Word for word, restate the lines from the one holding "與以往不同,本次簽約儀式采用" through the last line of the material below, and leave every picture out.

*****

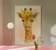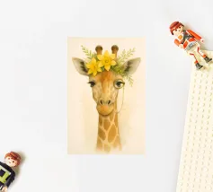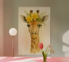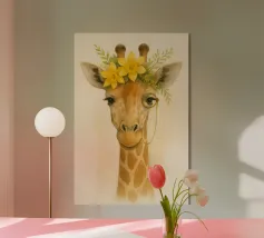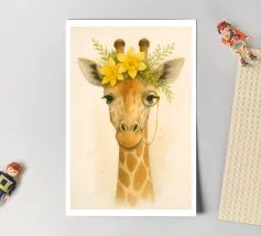 Stap in een wereld van speelse elegantie met The Dapper Giraffe. Deze charmante aquarelillustratie toont een verfijnde giraffe versierd met een monocle en een levendige kroon van gele narcissen en groen. Een heerlijke mix van natuur en adel, dit kunstwerk voegt een vleugje verfijnde eigenzinnigheid toe aan elke ruimte. Perfect voor dierenliefhebbers, designliefhebbers of iedereen die zijn muren wil opfleuren met een vleugje karakter en charme. Ideaal voor kinderkamers, woonkamers of eclectische galeriemuren.
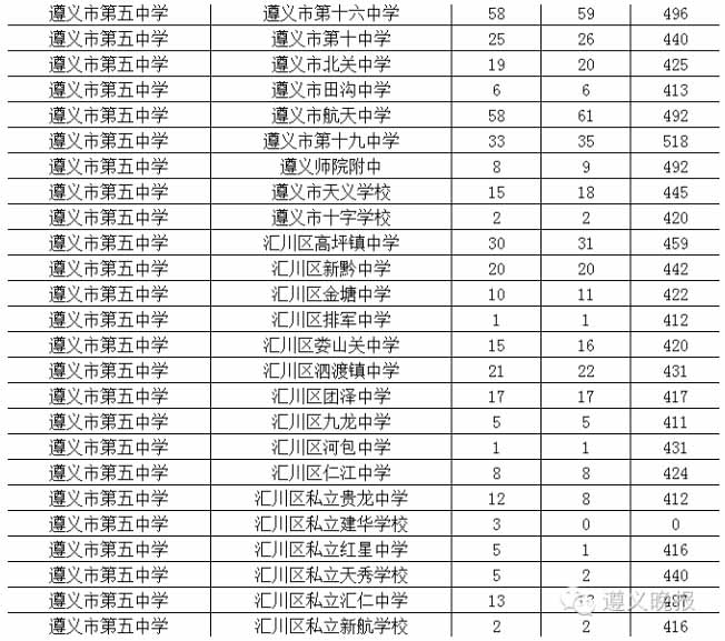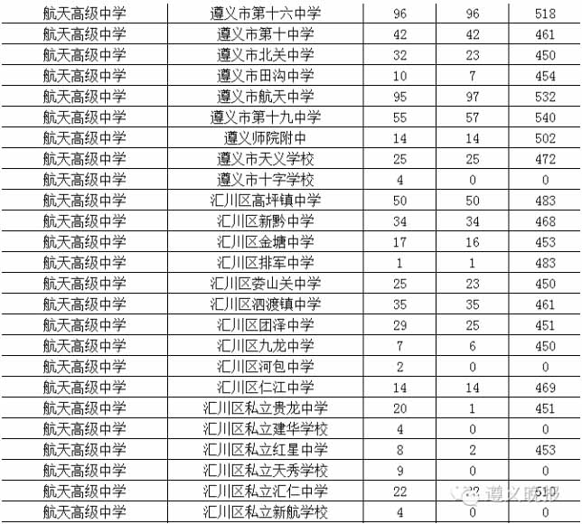 附注:2016年遵義市示范高中配額生統(tǒng)計(jì)表(部分)
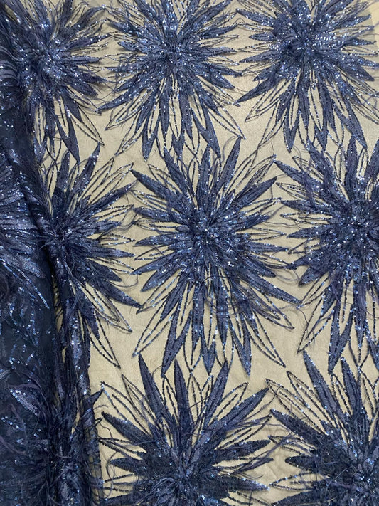 Broderie accesorizata cu paiete si margele , Albastru Royal - MODEL EVE
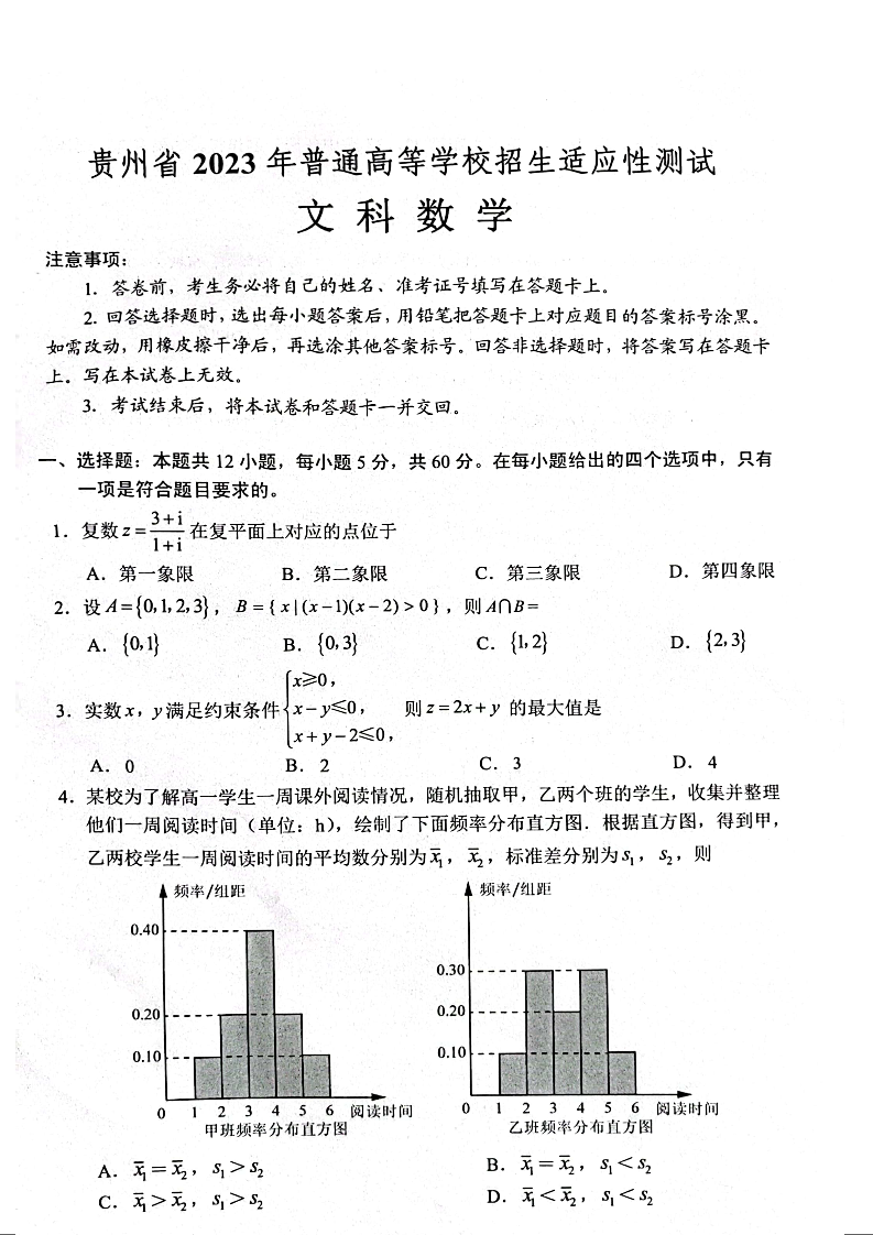 高三文数--贵州省 2023 年普通高等学校招生适应性测试
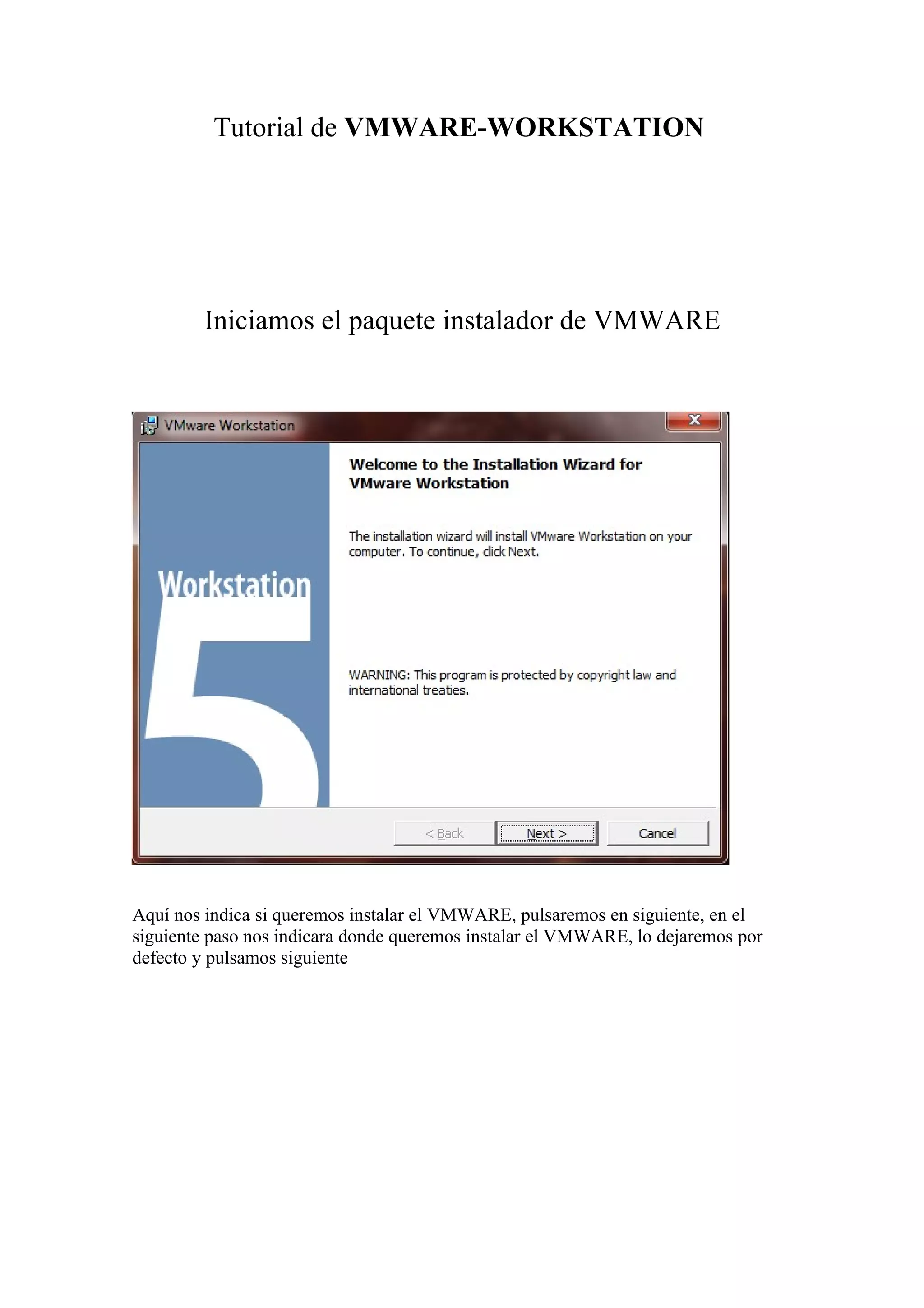 Este documento proporciona instrucciones para instalar VMware Workstation y crear una máquina virtual para instalar Windows XP de forma virtual. Explica los pasos para iniciar el instalador de VMware, seleccionar la ubicación de instalación, elegir las opciones de icono y CD-ROM, e iniciar la instalación. Luego, detalla cómo configurar una máquina virtual para usar una imagen ISO de disco y comenzar la instalación de Windows XP de forma virtual.
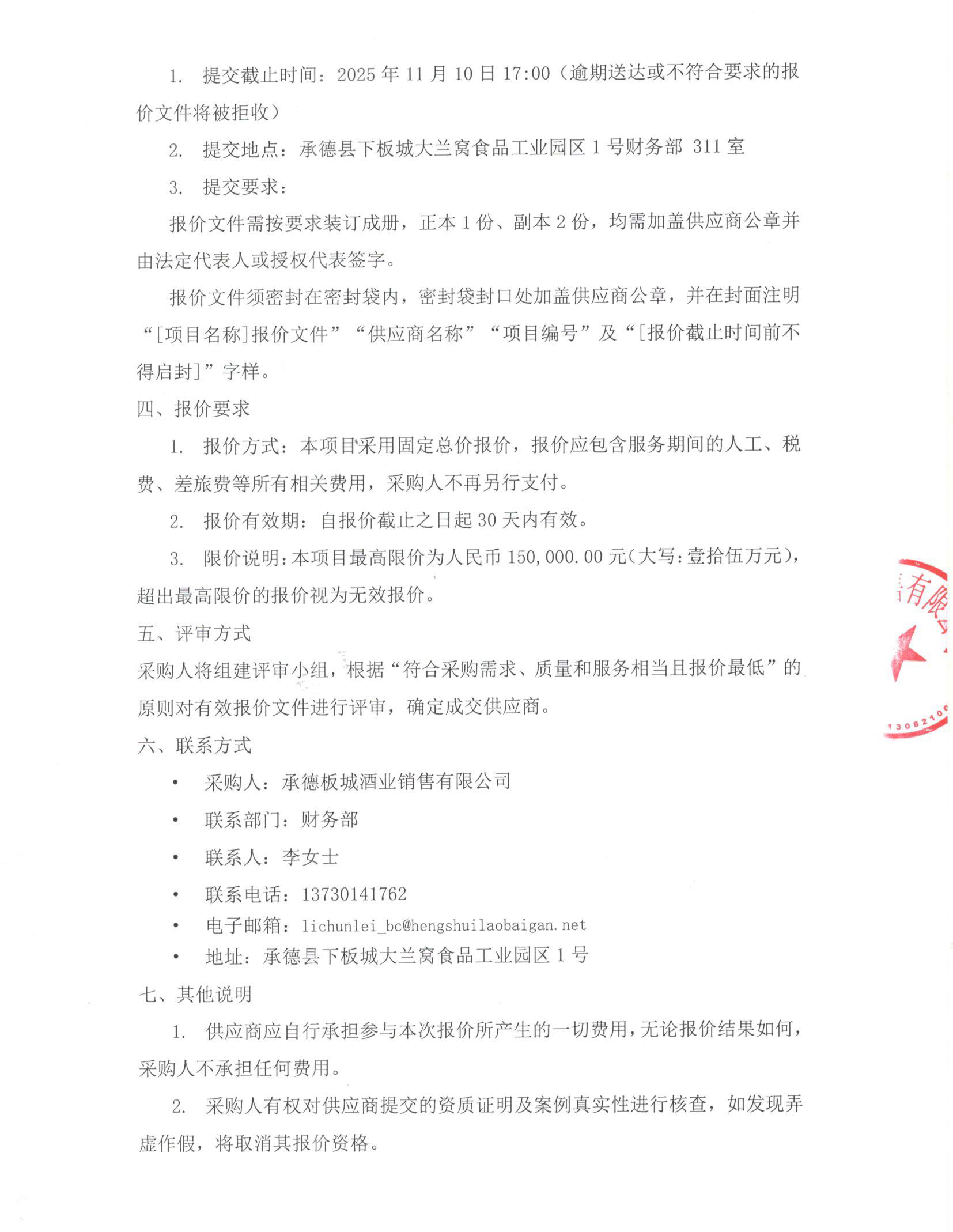 > 承德板城酒業(yè)銷售有限公司一般稅務(wù)咨詢服務(wù)項(xiàng)目密封報(bào)價(jià)公告
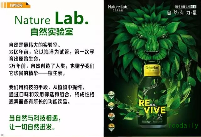 从外观来看,墨绿色的背景点缀绿叶和鸭绒黄Brand,显得凝重、内敛、蓄势待发;从卖点看,全部采用国外原料,不添加牛磺酸等人工合成化学成分,也符合“大健康时代”的消费需求;从价格来看,接近20元的单瓶售价应该也只有一二线城市才承受得起了。
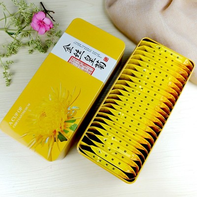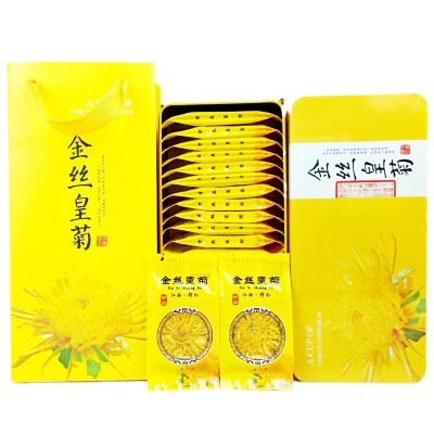 此款为20朵铁盒装金丝皇菊 20朵独立包装+铁盒+手提袋(一朵一杯 泡开7-9cm 比市面上的二星花高两个规格)
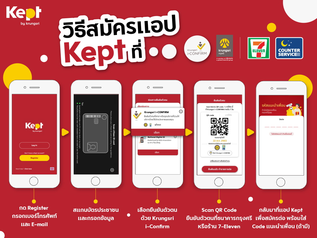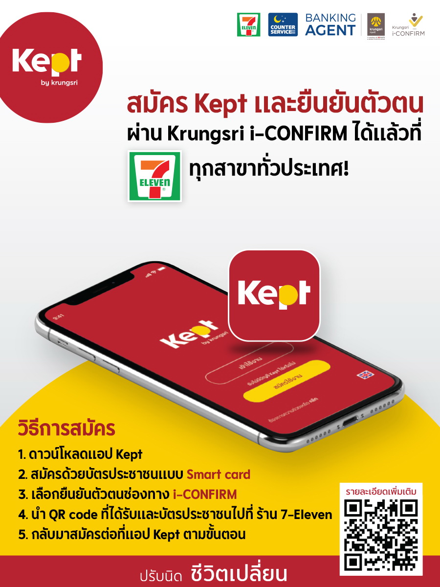 15 กันยายน 2563 : Kept by krungsri นวัตกรรมบริหารเงินแพลตฟอร์มใหม่ ชวนลูกค้าเริ่มเก็บออมเงินผ่านแอปพลิเคชั่น Kept สมัครได้ง่ายและสะดวกกว่าเดิมด้วยการเพิ่มช่องทางการยืนยันตัวตนผ่าน Krungsri i-Confirm ที่เคาน์เตอร์เซอร์วิสในร้าน 7-Eleven ทุกสาขาทั่วประเทศ สมัครแล้วโอนเงินเข้าบัญชีขั้นต่ำ 1,000 บาท ภายใน 7 วัน จะได้รับบัตรกำนัล e-Coupon สตาร์บัคส์ มูลค่า 100 บาท ตั้งแต่วันนี้ถึง 30 กันยายน 2563 ผ่านอีเมลที่ลงทะเบียนไว้
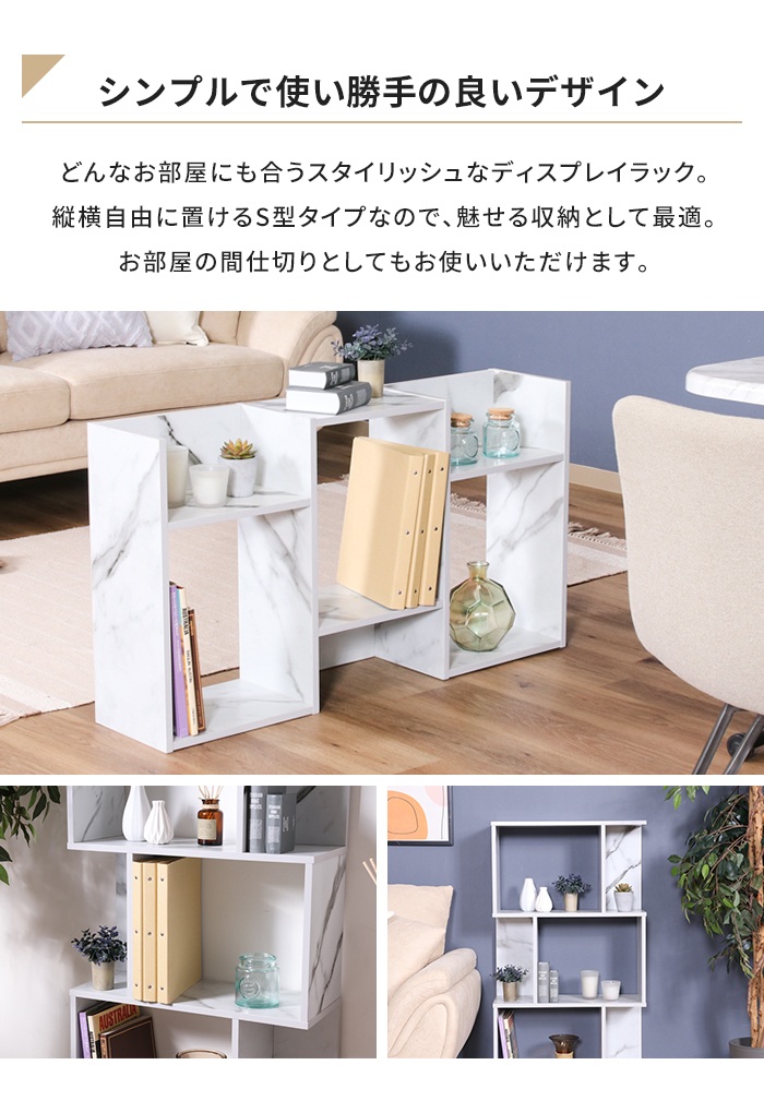 オープンラック S字型 幅59 大理石調 ディスプレイラック リビング収納 インテリア 飾り棚 家具 収納 おしゃれ モダン S字ラック シェルフ オープンシェルフ 間仕切り 3段 59×24 収納家具 魅せる収納 ディスプレイ 小物置き 花台 大理石 リビング ダイニング 寝室 ワンルーム
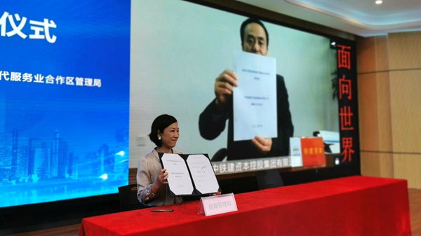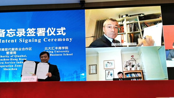 與以往不同,本次簽約儀式采用了現(xiàn)場簽約與視頻連線“云簽約”結合的特殊方式。前海管理局與中鐵建資本控股集團有限公司,與國研科工、彩虹魚,與北京大學匯豐商學院、劍橋大學嘉治商學院的合作采用了“云簽約”。
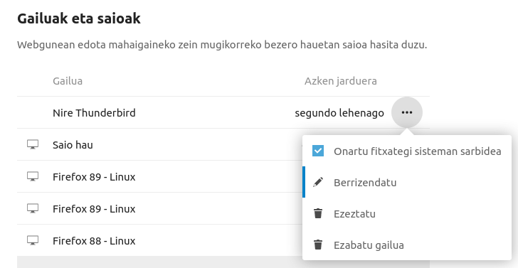 Noizbait token hau baliogabetu nahi izanez gero Nextcloudeko Ezarpenak > Pertsonala > Segurtasuna fitxako Gailuak eta saioak atalean aurkitu eta bere errenkadako hiru puntuen botoian klik egin eta Ezabatu gailua aukeran klik egingo dugu Thunderbird-i baimena kentzeko edo Ezeztatu tokena ezabatzeko.
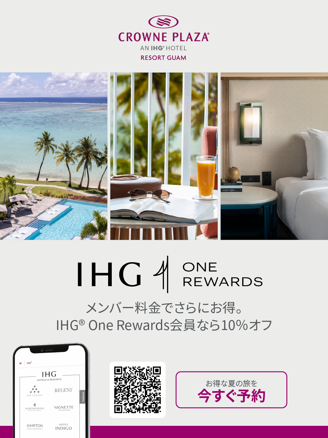 日本から一番近い楽園、クラウンプラザリゾートグアム・サイパンIHGホテルズ&リゾーツ会員限定10%オフ
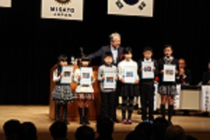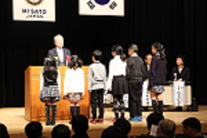 本日、鷹野文化センターで日韓児童画展の表彰が行われました。各学年代表一名の絵を出展していました。表彰式では休みの日にも関わらず児童全員が参加でき、立派な態度で賞状を受け取ることができました。一人一人が、堂々とした大きな声で返事をすることができとても素晴らしいです。 保護者の皆様、お休みの日に本当にありがとうございました。

*****

**TASK SOLUTION**
 與以往不同,本次簽約儀式采用了現(xiàn)場簽約與視頻連線“云簽約”結合的特殊方式。前海管理局與中鐵建資本控股集團有限公司,與國研科工、彩虹魚,與北京大學匯豐商學院、劍橋大學嘉治商學院的合作采用了“云簽約”。
 Noizbait token hau baliogabetu nahi izanez gero Nextcloudeko Ezarpenak > Pertsonala > Segurtasuna fitxako Gailuak eta saioak atalean aurkitu eta bere errenkadako hiru puntuen botoian klik egin eta Ezabatu gailua aukeran klik egingo dugu Thunderbird-i baimena kentzeko edo Ezeztatu tokena ezabatzeko.
 日本から一番近い楽園、クラウンプラザリゾートグアム・サイパンIHGホテルズ&リゾーツ会員限定10%オフ
 本日、鷹野文化センターで日韓児童画展の表彰が行われました。各学年代表一名の絵を出展していました。表彰式では休みの日にも関わらず児童全員が参加でき、立派な態度で賞状を受け取ることができました。一人一人が、堂々とした大きな声で返事をすることができとても素晴らしいです。 保護者の皆様、お休みの日に本当にありがとうございました。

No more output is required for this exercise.